O Art. 12-A da Resolução 571/24 do CNJ dispõe: O inventário poderá ser realizado por escritura pública, ainda que inclua interessado menor ou incapaz, desde que o pagamento do seu quinhão hereditário ou de sua meação ocorra em parte ideal em cada um dos bens inventariados e haja manifestação favorável do Ministério Público.

Ok, no texto não há alternativa que trate da manifestação do MP.

Mas qual o motivo desse ser o gabarito?

GAB.E - Res.35/2007, CNJ

Art. 12-B. §1° Formulado o pedido de escritura pública de inventário e partilha nas hipóteses deste artigo, deve ser apresentada, junto com o pedido, a certidão do testamento e, constatada a existência de disposição reconhecendo filho ou qualquer outra declaração irrevogável, a lavratura de escritura pública de inventário e partilha ficará vedada e o inventário deverá ser feito obrigatoriamente pela via judicial.

resolução 35 CNJ

Art. 12-B. É autorizado o inventário e a partilha consensuais promovidos extrajudicialmente por escritura pública, ainda que o autor da herança tenha deixando testamento, desde que obedecidos os seguintes requisitos: (incluído pela Resolução n. 571, de 26.8.2024)

I – os interessados estejam todos representados por advogado devidamente habilitado; (incluído pela Resolução n. 571, de 26.8.2024)

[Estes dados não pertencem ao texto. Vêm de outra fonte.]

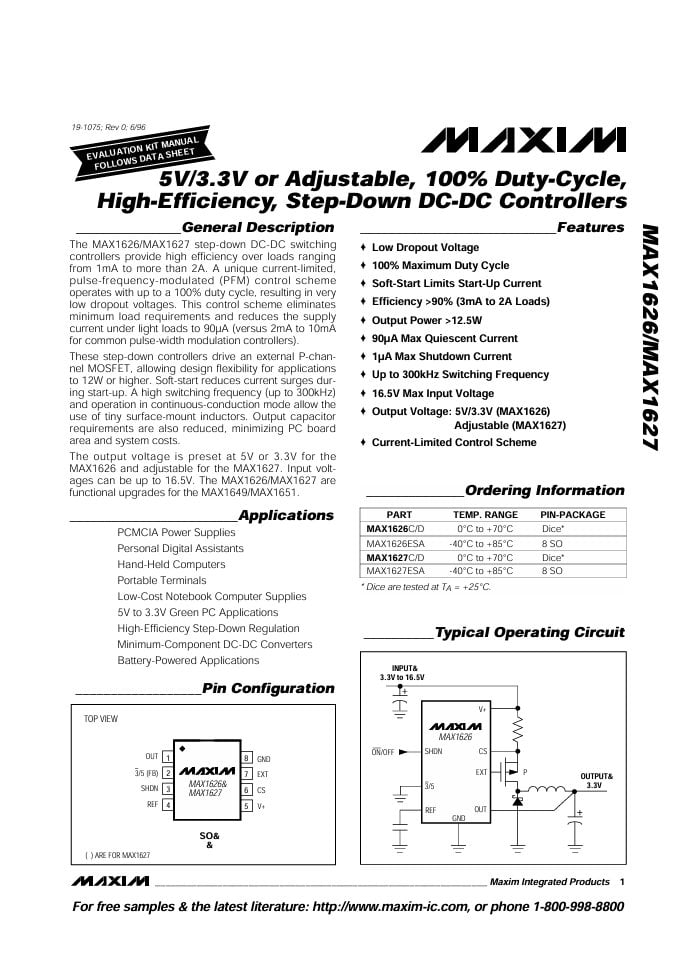 MAX1626ESA SOIC-8 5V/3.3V OR ADJUSTABLE, 100% DUTY-CYCLE, HİGH-EFFİCİENCY, STEP-DOWN DC-DC CONTROLLERS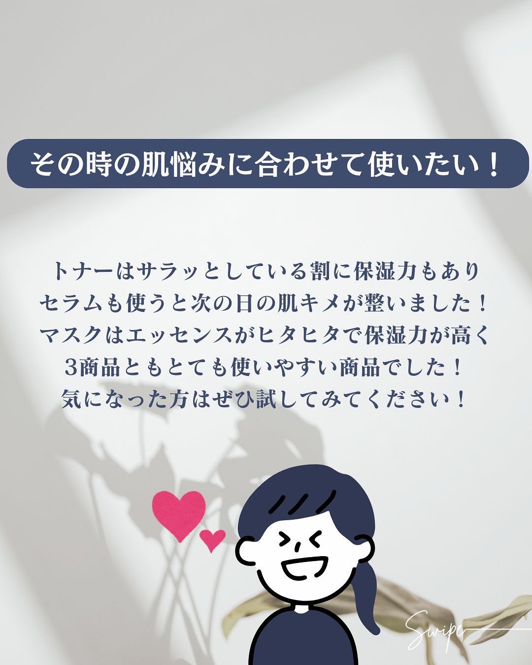 | 肌なじみよく、心地よい使用感✨ しっとりするけどベタつきません◎ | 詳細を見る | ||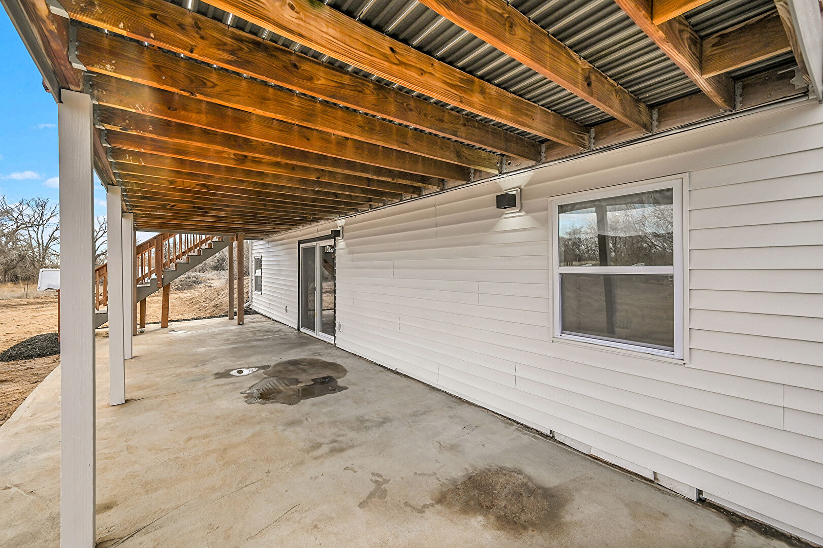 Basement Walk Out, Deck, Downspout, Gutters, Horizontal Siding, Outdoor Structure, Shed, Stairs, Patio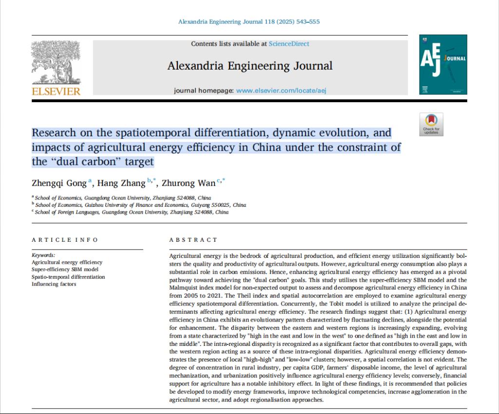 近日,威廉希尔中文官网龚征旗教授作为第一作者在国际知名期刊《Alexandria Engineering Journal》(简称AEJ)发表题为《Research on the spatiotemporal differentiation, dynamic evolution, and impacts of agricultural energy efficiency in China under the constraint of the “dual carbon” target》的高水平学术论文。该期刊2023-2024年最新影响因子为6.2,位列工程与综合类JCR Q1区,同时入选中国科学院分区(2023升级版)TOP期刊。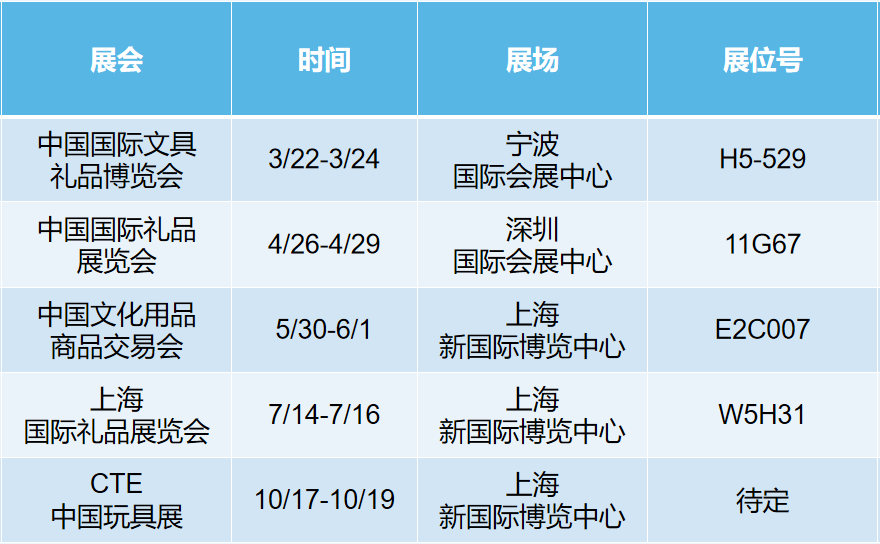 可得優(yōu)今年預(yù)計(jì)參與展會(huì)及展期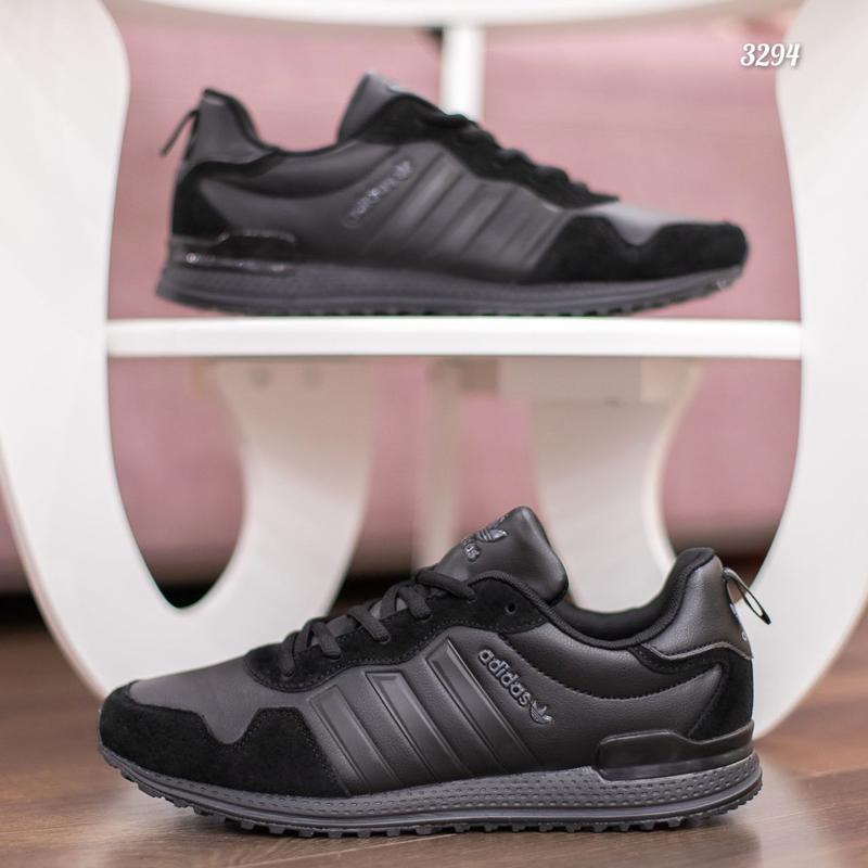 Кросовки Adidas Артикул: 3294 (Мужские) • Цвет: чёрные • Сезон: демисезон • Производитель: Вьетнам Отличное качество • Материал: кожа+замш, подошва пена, в фирменных коробках • Размеры: 41-46р 41-26см, 42-26,5см, 43-27,5см, 44-28см, 45-28,5см, 46-29см • Цена 1150 грн

II – exista expressa autorização do juízo sucessório competente em ação de abertura e cumprimento de testamento válido e eficaz, em sentença transitada em julgado; (incluído pela Resolução n. 571, de 26.8.2024)

III – todos os interessados sejam capazes e concordes; (incluído pela Resolução n. 571, de 26.8.2024)

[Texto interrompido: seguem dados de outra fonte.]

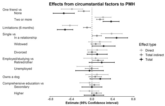 The abovementioned direct and total indirect connections from circumstantial factors to positive mental health were without exceptions to the same direction (Figure 3), and therefore their combinations, that is, total effects, were also to the same direction (see Appendix A Table A2 for the exact estimates). The strongest circumstantial correlates of positive mental health were having no friends (compared with one) or limiting illnesses in the past six months and having a significant other (being in a relationship, married or cohabiting). The absolute values of their estimates were larger than those of other forms of marital status (widowed or divorced vs. single), education (both levels), unemployment (vs. employment/studentship), and dog ownership (Appendix A Table A3).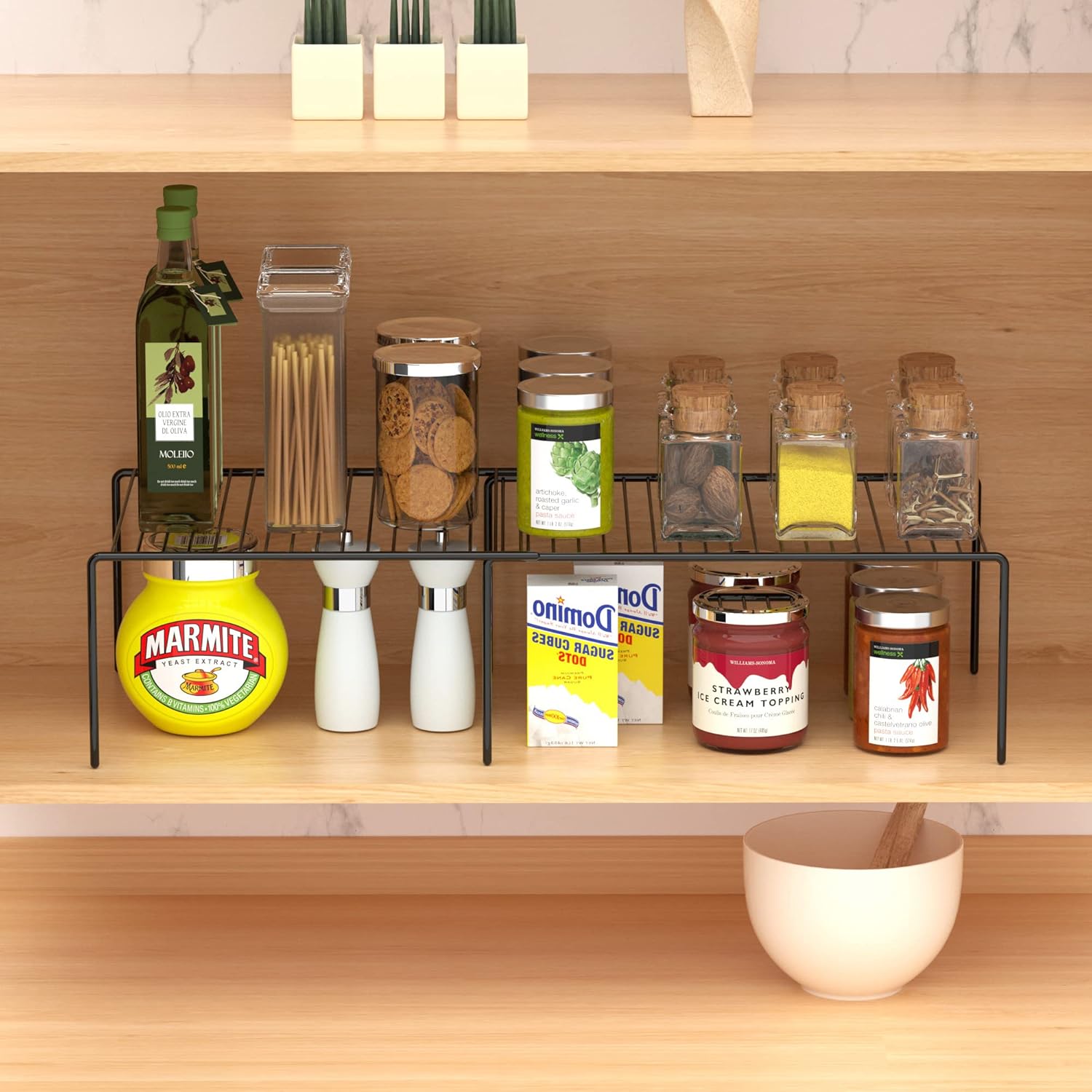 Redrubbit Cabinet Storage Shelf Rack, Expandable Metal Rustproof Kitchen Counter and Cabinet Shelf, Storage Rack Organizer Space Saver for Kitchen, Fridge, Cabinet, Bathroom, Black, Set of 6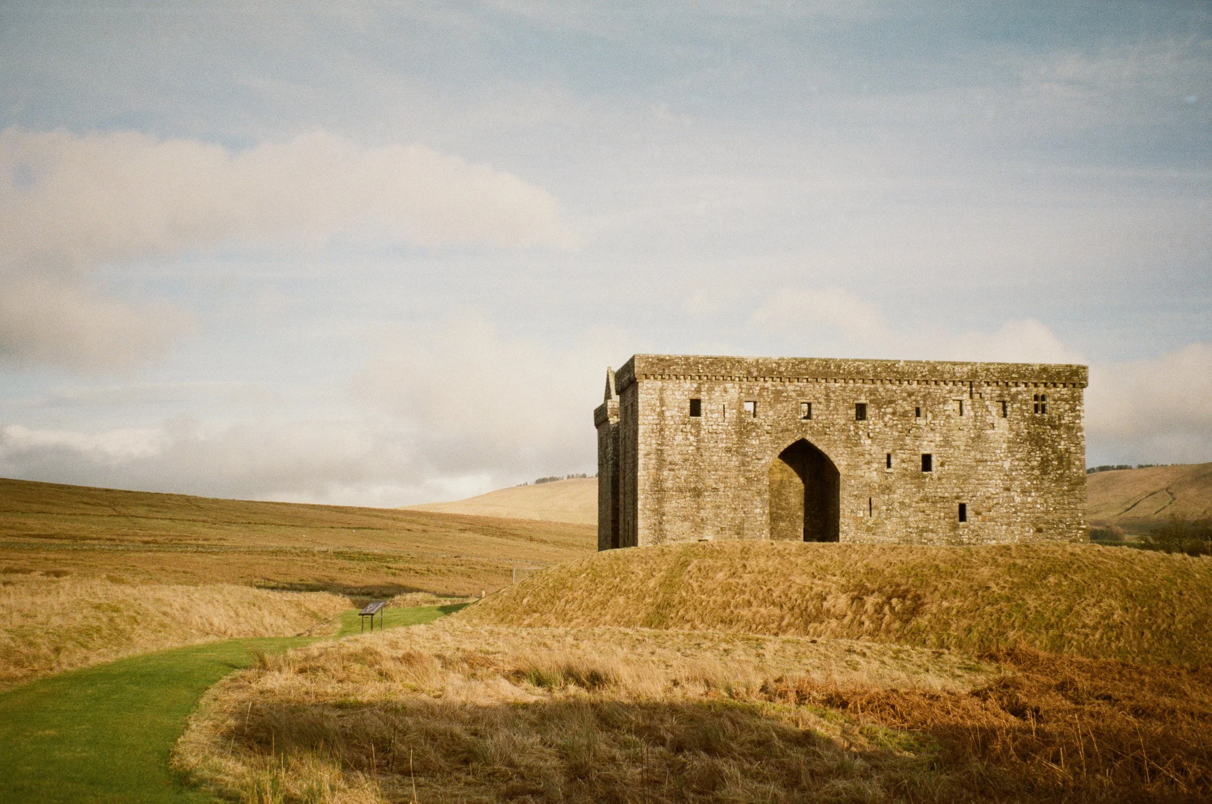 A highland coo missing a horn on a blustery afernoon in Northumberland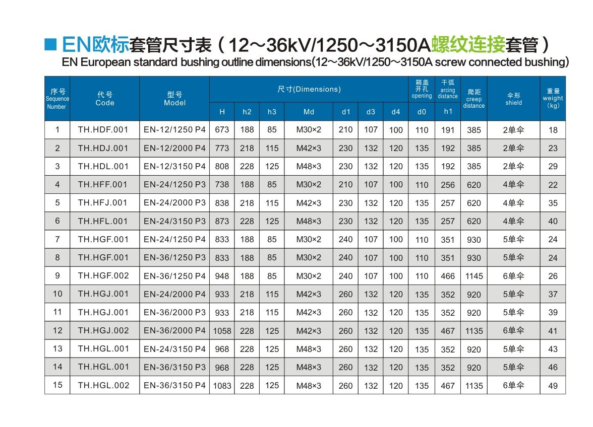 EN歐標(biāo)套管12~36kV/1250~3150A螺紋連接套管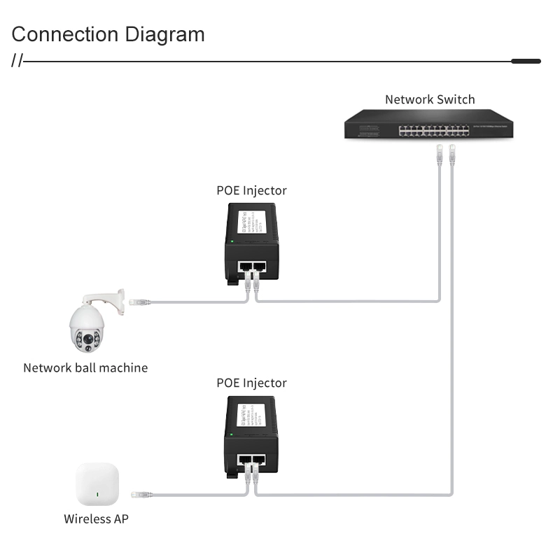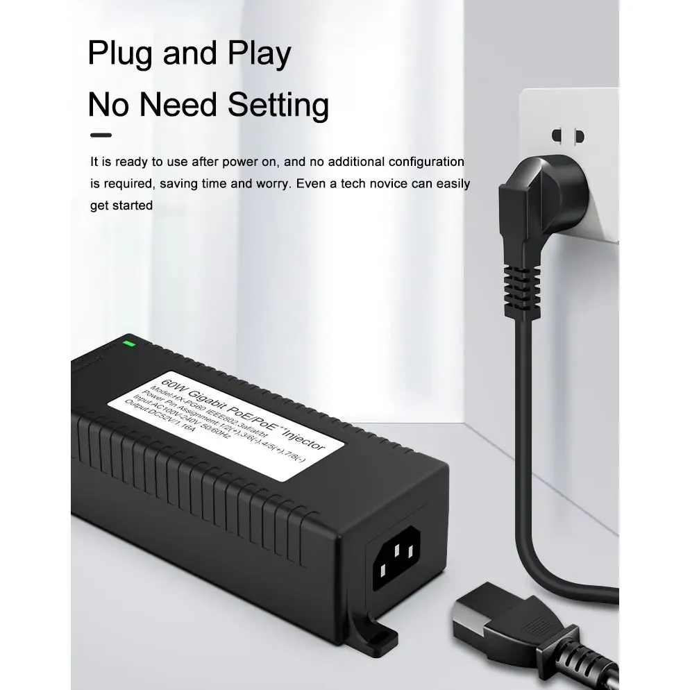 பாதுகாப்பு கண்காணிப்பு: IP கேமரா பாதுகாப்பு மற்றும் நெட்வொர்க் சாதனத்திற்கான கிகாபிட் 60W டெஸ்க்டாப் POE இன்ஜெக்டர் ஐபி கேமராக்கள் மற்றும் PTZ கேமராக்களுக்கு நிலையான சக்தியை வழங்குகிறது.

IV – no caso de haver interessados menores ou incapazes, sejam também observadas as exigências do art. 12-A desta Resolução; (incluído pela Resolução n. 571, de 26.8.2024)

V – nos casos de testamento invalidado, revogado, rompido ou caduco, a invalidade ou ineficácia tenha sido reconhecida por sentença judicial transitada em julgado na ação de abertura e cumprimento de testamento. (incluído pela Resolução n. 571, de 26.8.2024)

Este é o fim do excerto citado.